World's End
- Author: Mark Chadbourn
- Language: English
- Series: The Age of Misrule
- Set in: Fantasy
- Publisher: Millennium Publications, Gollancz (imprint)
- Publication date: 1999
- Publication place: United Kingdom
- Media type: Print (paperback)
- Pages: 557
- ISBN: 1857989805
- OCLC: 836934631
- Followed by: Darkest Hour

= World's End (Chadbourn novel) =

Fantasy novel

World's End is a novel written by British author Mark Chadbourn and the initial entry in The Age of Misrule trilogy. It was first published in Great Britain by Millennium on 14 September 2000. An edition collecting all three books in The Age of Misrule series (World's End, Darkest Hour and Always Forever) was published in Great Britain on 14 September 2006.

==Plot==
Jack 'Church' Churchill and Ruth Gallagher witness a horrific supernatural creature kill a man underneath Albert Bridge on the Thames. While Ruth is suspended from work, Church discovers that similar odd events are happening all across Britain and a message from a woman named Laura, who claims to know how all these events are linked. They decide to visit her. Along the way, Church and Ruth pick up an old hippie named Tom. Laura explains to them that she was walking near an industrial estate when she was pulled to 'somewhere else' and told the world was going to change forever. She takes them to the place.

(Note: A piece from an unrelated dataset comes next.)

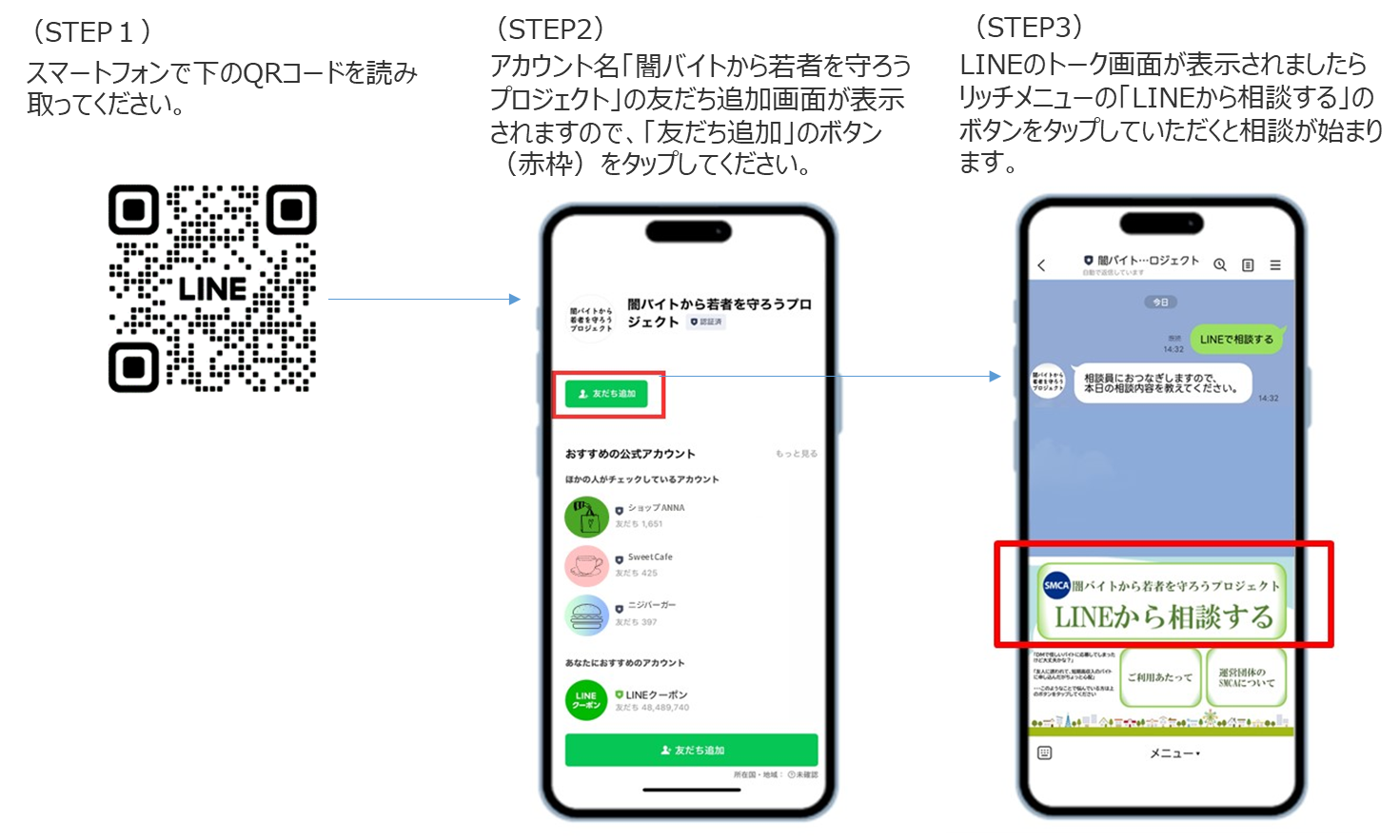 専用のLINEアカウント「闇バイトから若者を守ろうプロジェクト」では、闇バイトに関するご相談について、「全国SNSカウンセリング協議会登録SNSカウンセラー*」が対応します。状況や感情の整理を行い、孤独感に寄り添いながら何ができるかを考え、必要に応じて家族や警察等への相談を促します。
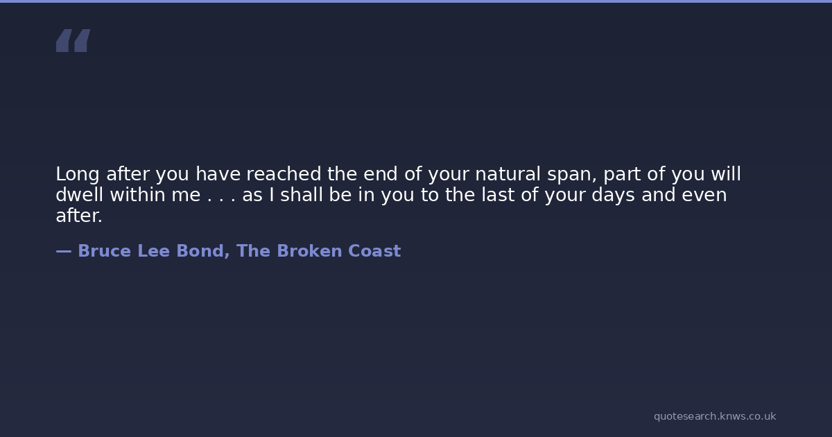 Long after you have reached the end of your natural span, part of you will dwell within me . . . as I shall be in you to the last of your days and even after.

When they arrive, Church and Laura are pulled into a hole in the air. Church finds himself in a tower floating in space. As he makes his way through, he opens various doors and experiences visions, the first of which calls him a Brother of Dragons. A woman gives Church a lantern called the Wayfinder and tasks him with using it to find four other Brothers and Sisters of Dragons and four Treasures of the Tuatha Dé Danann that will empower her people, the Golden Ones, to fight the Night Walkers, who have Tom and Ruth surrounded. Church realises that Laura led him here on purpose, under the woman's orders. Church and Laura return through the hole in the air to find the estate in ruins in the aftermath of Ruth and Tom's escape attempt. They reunite with Ruth and reluctantly leave without Tom, whom they cannot find. Church deduces that Ruth and Laura are both Sisters of Dragons.

They follow the Wayfinder to Avebury and pass a test that nets them the first treasure, a powerful magical stone. This attracts the attention of the Wild Hunt, who pursue them and the stone across the moors. Church falls down a mineshaft, where the Night Walkers capture him and the Wayfinder. He meets fellow captive Ryan Veitch, whom Church recognizes as a Brother of Dragons. One of the Night Walkers, Catalin, tortures Church for information on the stone to no avail. Church also reunites with Tom, who calls the Night Walkers Fomorians and the Golden Ones Tuatha Dé Danann. The woman from the tower revisits Church and helps them escape. They retrieve the Wayfinder and follow its light across Dartmoor.

Ruth and Laura, meanwhile, find the last Brother of Dragons, Shavi, in a van on the side of the road. The three escape the Hunt to Glastonbury. At the Abbey, they meet James, a priest who says the 'Grail'—corresponding to one of the treasures, the cauldron—awaits them at Glastonbury Tor. He tells them that many dangers await, as legend says the leader of the Hunt lives there, but to obtain what they seek, they must take some water from the well to the tor at first light.

== Reception ==
Fantasy Book Review said that the author put detail into the work as if "he's walked every path, and driven every road that the characters have travelled upon. It all helps to make the book feel that bit more authentic than the average story" and that "it's a good start to the series; with a strong ending leaving ...[the reader] wanting more." It gave the book a 9 out of 10.

SFSignal gave the book 5 stars out of 5 stars. It praised how the book made the "transition from modern normalcy to chaos smooth and believable" and how "celtic myths and Arthurian legends ..sic[are] interwoven with English landscape".

Nathan Brazil of SFsite.com called it a great book for its sarcastic humour and an "essential dark fantasy".